Jack C. Lambert, Appellant, v. Lawrence E. Wilson, Warden of the California State Prison at San Quentin, et al., Appellee, 401 F.2d 889 (9th Cir. 1968)Annotate this Case
Al Katz (argued), Chicago, Ill., for appellant.
Joyce F. Neddle (argued), Deputy Atty. Gen., Thomas C. Lynch, Atty. Gen., of Cal., Jerome C. Utz, Deputy Atty. Gen., San Francisco, Cal., for appellee.
Before DUNIWAY and ELY, Circuit Judges, and SMITH, District Judge.*
Appellant admittedly killed his wife. There was substantial evidence of premeditation. The defense, a lack of specific intent because of intoxication, failed. Defendant was convicted of murder in the first degree and sentenced to life imprisonment.

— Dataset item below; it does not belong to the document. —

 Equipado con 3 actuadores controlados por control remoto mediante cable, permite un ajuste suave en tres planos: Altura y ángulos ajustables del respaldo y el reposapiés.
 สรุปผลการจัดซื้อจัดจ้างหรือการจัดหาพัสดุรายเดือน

He filed a petition in the United States District Court for a writ of habeas corpus and after an evidentiary hearing the district court denied the petition.

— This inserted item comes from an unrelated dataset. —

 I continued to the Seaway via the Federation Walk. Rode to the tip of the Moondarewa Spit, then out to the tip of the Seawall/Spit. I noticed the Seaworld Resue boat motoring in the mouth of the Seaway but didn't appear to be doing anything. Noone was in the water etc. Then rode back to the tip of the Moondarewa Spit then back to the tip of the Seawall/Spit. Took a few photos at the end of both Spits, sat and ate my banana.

The contention made here and below is that the petitioner was denied the effective aid of counsel because:
1. No objection was made to a coerced confession.
2. The defense of intoxication was so insubstantial as compared with the defense not offered, i. e., that there was a lack of intent because of defendant's diminished responsibility under the Wells-Gorshen doctrine1 that defendant was denied due process.

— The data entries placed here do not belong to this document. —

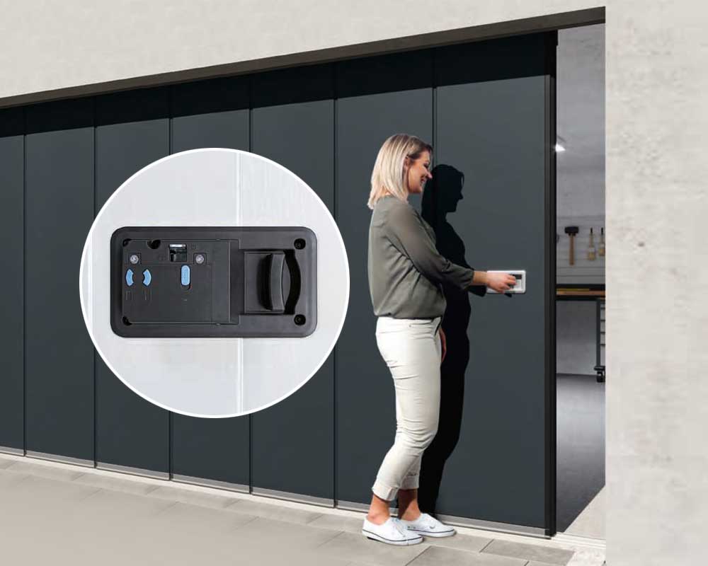 Mit einem Handsender oder dem Griff am Tor können Sie Ihr Seiten-Sektionaltor für den Personendurchgang schnell und einfach teilweise öffnen. Eine kurze Betätigung des Griffes und das Tor fährt automatisch in die eingestellte Position. Eine weitere Betätigung schließt das Tor wieder.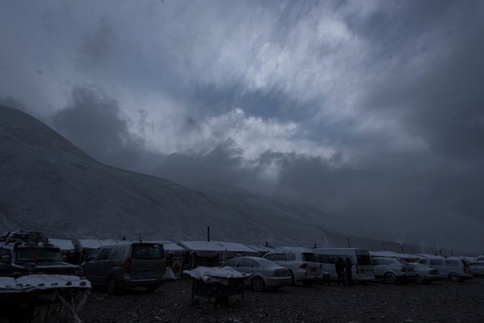 远处巨大的云块下面正下着雪,西藏的天气就是这样说下雪下雨马上就下,而且是小区域的下,相距几十米可能是二种截然不同的天气。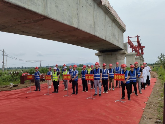 6月25日下午,江北港鐵路專用線有限責任公司聯合中鐵建長江(銅陵)港鐵建設運營有限公司,在江北港鐵路專用線項目黃泥河特大橋68#墩附近舉辦T梁架設高處墜落事故應急演練。本次演練由江北港鐵路專用線公司董事長、總經理張葉來擔任總指揮,中鐵二十局項目經理部安全總監鐘健任現場指揮,廬江縣應急管理局總工程師顧德祥、廬江縣發改委總工程師朱雷、泥河鎮人民政府黨委副書記高磊受邀蒞臨現場指導點評。江北港鐵路專用線公司安全質量部、工程管理部,上海先行項目監理部,中鐵十六局、中鐵二十局項目經理部相關人員參加活動。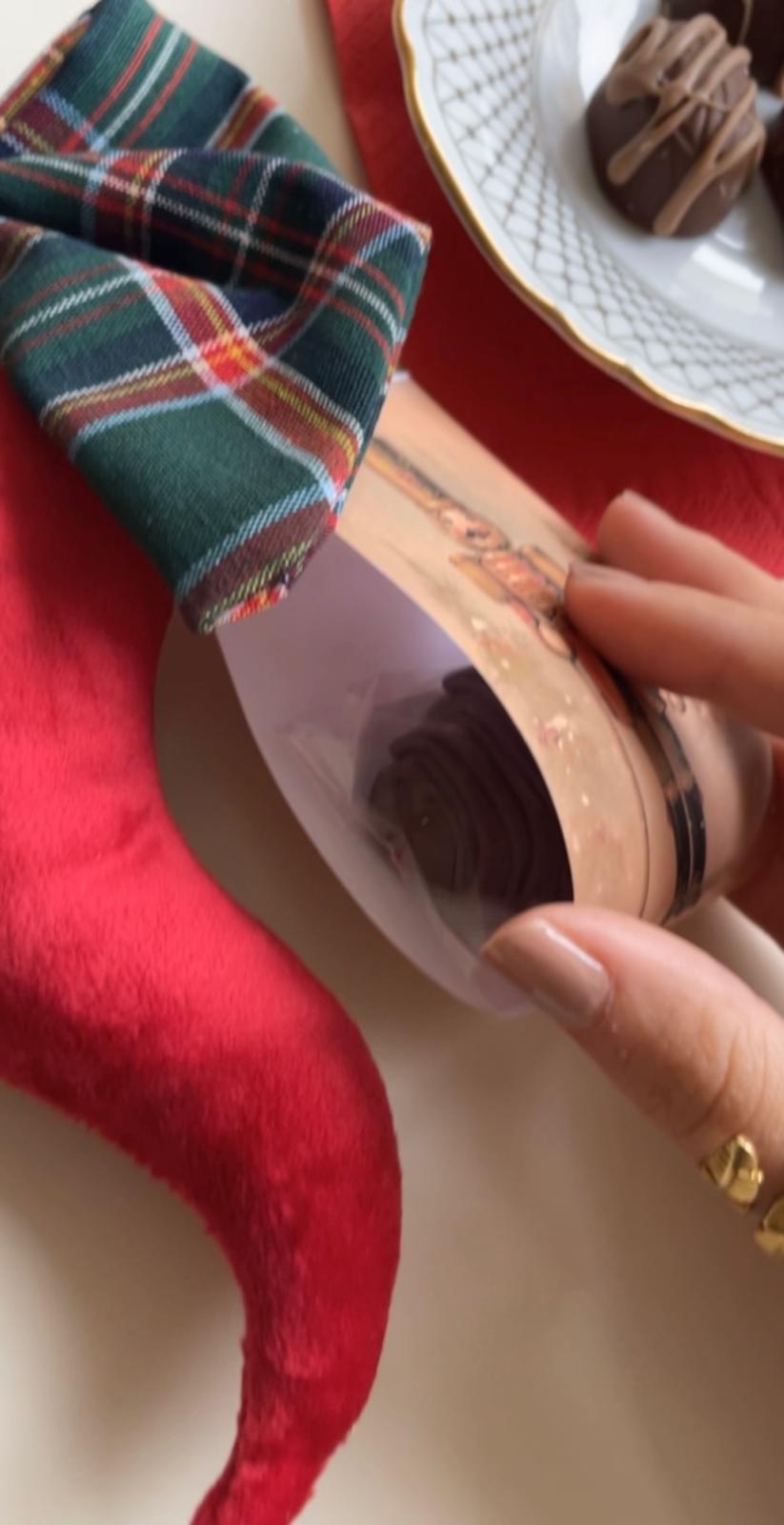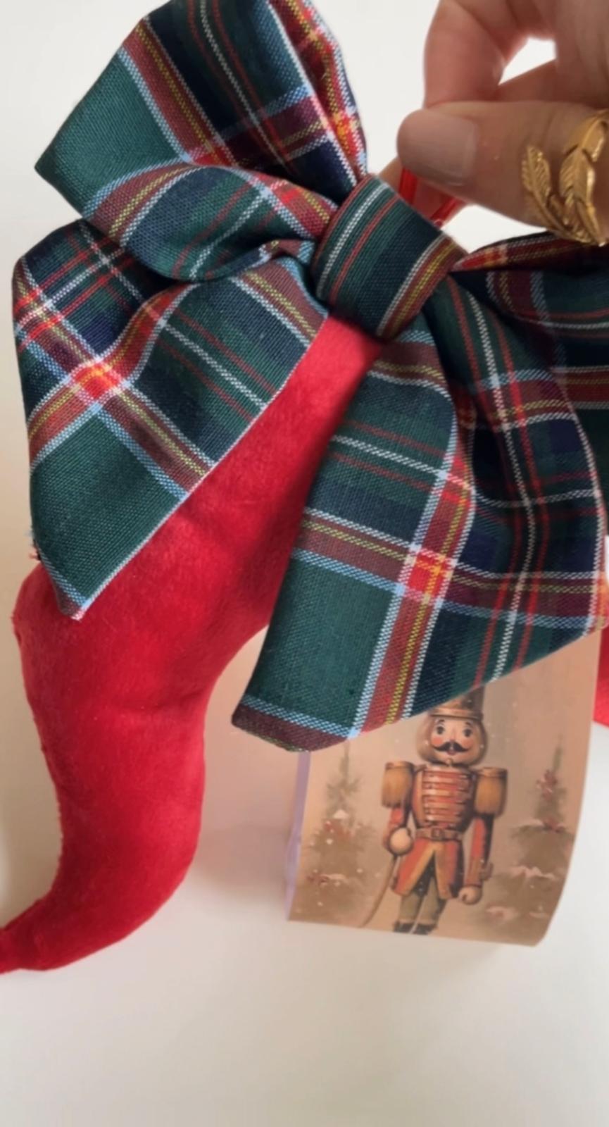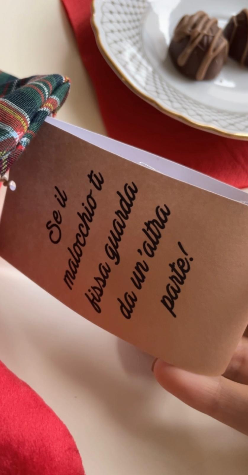 Corno in velluto rosso con fiocco in tartan scozzese verde ed impreziosito da un tag con frase "Se il malocchio ti fissa guarda da un'altra parte!" e contenente un gustoso cioccolatino con ripieno a sorpresa. Il corno è dotato di un cappietto in modo da poterlo posizionare dove preferisci.

3. That defendant was not consulted about and did not consent to the defensive theory employed.
In an order denying the petition for the writ and another denying a motion for rehearing the district court considered each of these claims, found the facts against the petitioner and on the whole record concluded that petitioner's counsel was adequate and able and that there was no denial of fundamental fairness. In our opinion the record supports the findings of fact and we agree with the district court's conclusion that the case does not fall within the ambit of Brubaker v. Dickson, 310 F.2d 30 (9th Cir. 1962).
The orders appealed from are affirmed.